- RECORDED INFORMATION:
_ _ _ _

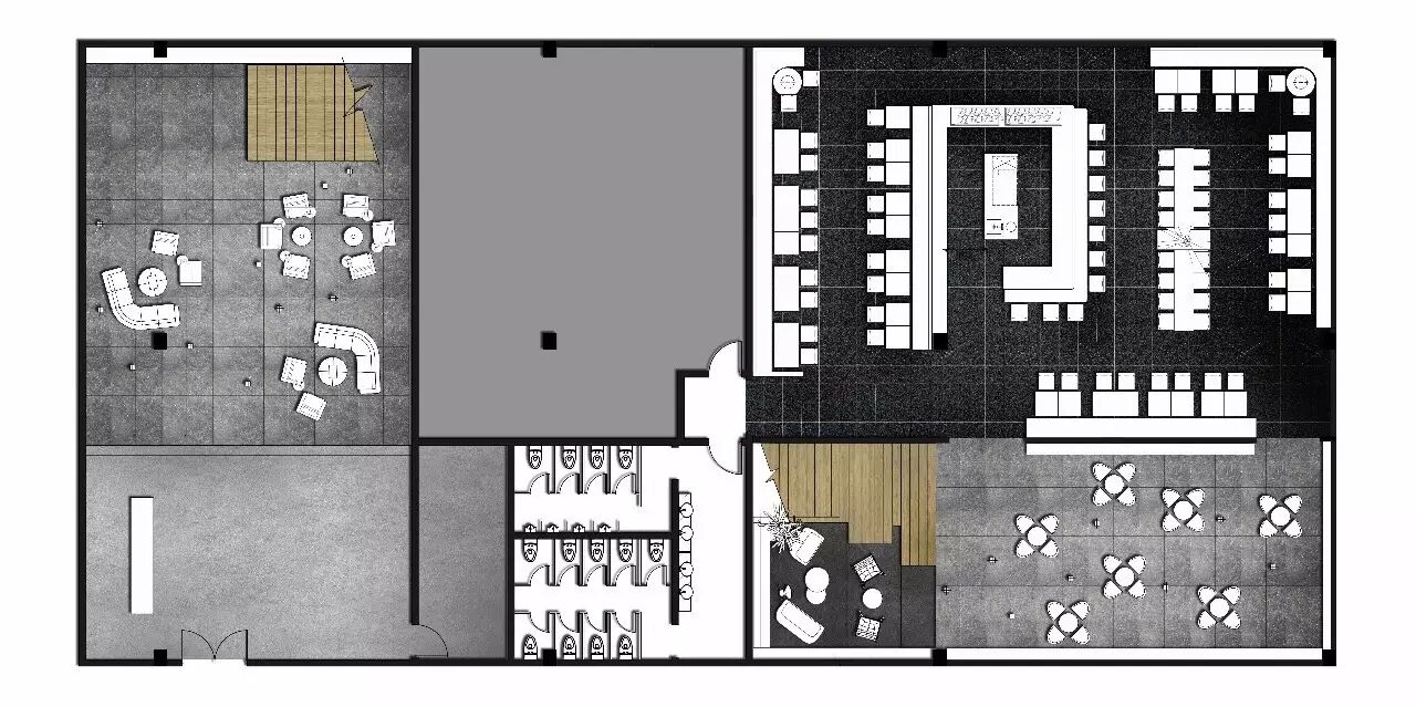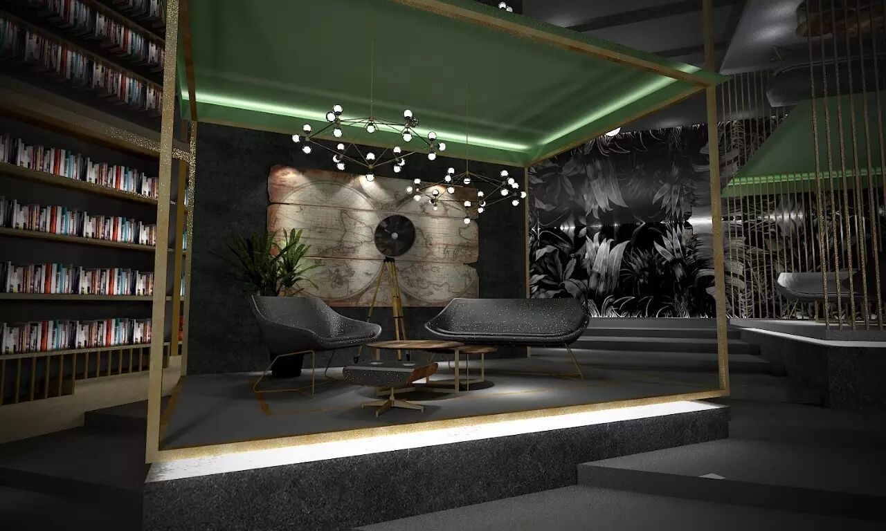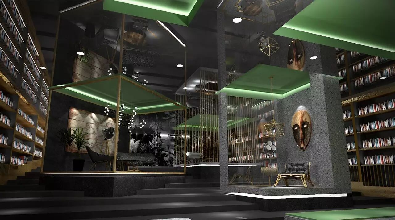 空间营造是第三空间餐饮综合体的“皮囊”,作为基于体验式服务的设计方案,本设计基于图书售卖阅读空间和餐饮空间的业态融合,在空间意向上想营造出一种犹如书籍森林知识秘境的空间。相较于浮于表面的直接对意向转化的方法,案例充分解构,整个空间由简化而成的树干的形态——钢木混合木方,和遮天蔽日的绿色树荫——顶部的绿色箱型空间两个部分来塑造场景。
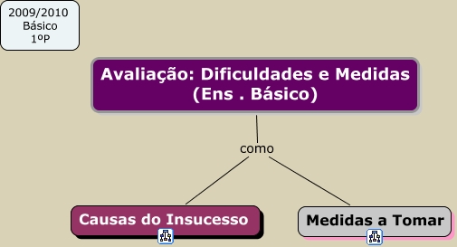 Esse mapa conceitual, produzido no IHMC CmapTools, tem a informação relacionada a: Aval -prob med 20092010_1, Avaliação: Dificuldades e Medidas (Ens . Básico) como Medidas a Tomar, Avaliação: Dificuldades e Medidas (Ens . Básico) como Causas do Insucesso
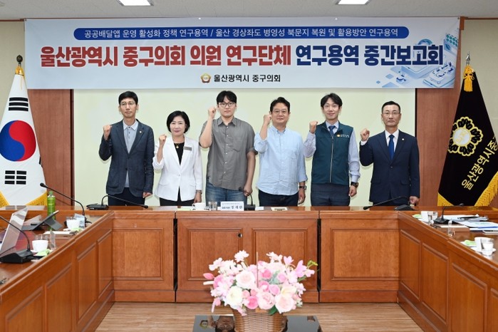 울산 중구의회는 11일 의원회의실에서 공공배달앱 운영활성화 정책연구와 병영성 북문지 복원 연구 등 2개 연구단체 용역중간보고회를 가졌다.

_ _ _ _

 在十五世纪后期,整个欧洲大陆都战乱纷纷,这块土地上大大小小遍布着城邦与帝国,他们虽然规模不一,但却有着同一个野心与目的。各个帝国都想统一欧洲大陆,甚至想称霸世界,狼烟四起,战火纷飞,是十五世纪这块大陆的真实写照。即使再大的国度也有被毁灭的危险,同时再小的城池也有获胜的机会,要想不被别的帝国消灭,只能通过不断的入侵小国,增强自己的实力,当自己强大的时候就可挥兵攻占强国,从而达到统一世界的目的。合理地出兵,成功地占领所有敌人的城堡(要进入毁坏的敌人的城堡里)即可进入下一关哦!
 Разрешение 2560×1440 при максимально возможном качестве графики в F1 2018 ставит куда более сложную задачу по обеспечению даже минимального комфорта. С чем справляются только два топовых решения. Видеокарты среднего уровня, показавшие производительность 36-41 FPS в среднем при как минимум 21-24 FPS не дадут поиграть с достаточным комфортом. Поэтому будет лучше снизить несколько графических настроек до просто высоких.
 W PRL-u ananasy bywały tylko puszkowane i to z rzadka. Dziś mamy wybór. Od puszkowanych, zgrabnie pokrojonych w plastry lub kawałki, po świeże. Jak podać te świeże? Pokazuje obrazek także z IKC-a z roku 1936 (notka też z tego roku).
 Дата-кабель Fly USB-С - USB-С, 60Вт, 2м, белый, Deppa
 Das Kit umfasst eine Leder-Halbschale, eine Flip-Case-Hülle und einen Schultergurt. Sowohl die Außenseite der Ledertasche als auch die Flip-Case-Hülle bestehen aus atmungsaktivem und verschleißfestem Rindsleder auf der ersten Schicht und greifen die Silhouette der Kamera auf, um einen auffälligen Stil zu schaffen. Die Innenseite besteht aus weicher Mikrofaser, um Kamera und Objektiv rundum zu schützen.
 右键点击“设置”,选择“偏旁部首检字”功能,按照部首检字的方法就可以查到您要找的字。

_ _ _ _

- REQUIRED WORK: What to print is the stretch of entries from the line with "空间营造是第三空间餐饮综合体" up to and including the line with "울산 중구의회는 11일". Please print it exactly and leave out the pictures.

- COMPLETED EXERCISE:
 空间营造是第三空间餐饮综合体的“皮囊”,作为基于体验式服务的设计方案,本设计基于图书售卖阅读空间和餐饮空间的业态融合,在空间意向上想营造出一种犹如书籍森林知识秘境的空间。相较于浮于表面的直接对意向转化的方法,案例充分解构,整个空间由简化而成的树干的形态——钢木混合木方,和遮天蔽日的绿色树荫——顶部的绿色箱型空间两个部分来塑造场景。
 Esse mapa conceitual, produzido no IHMC CmapTools, tem a informação relacionada a: Aval -prob med 20092010_1, Avaliação: Dificuldades e Medidas (Ens . Básico) como Medidas a Tomar, Avaliação: Dificuldades e Medidas (Ens . Básico) como Causas do Insucesso
 울산 중구의회는 11일 의원회의실에서 공공배달앱 운영활성화 정책연구와 병영성 북문지 복원 연구 등 2개 연구단체 용역중간보고회를 가졌다.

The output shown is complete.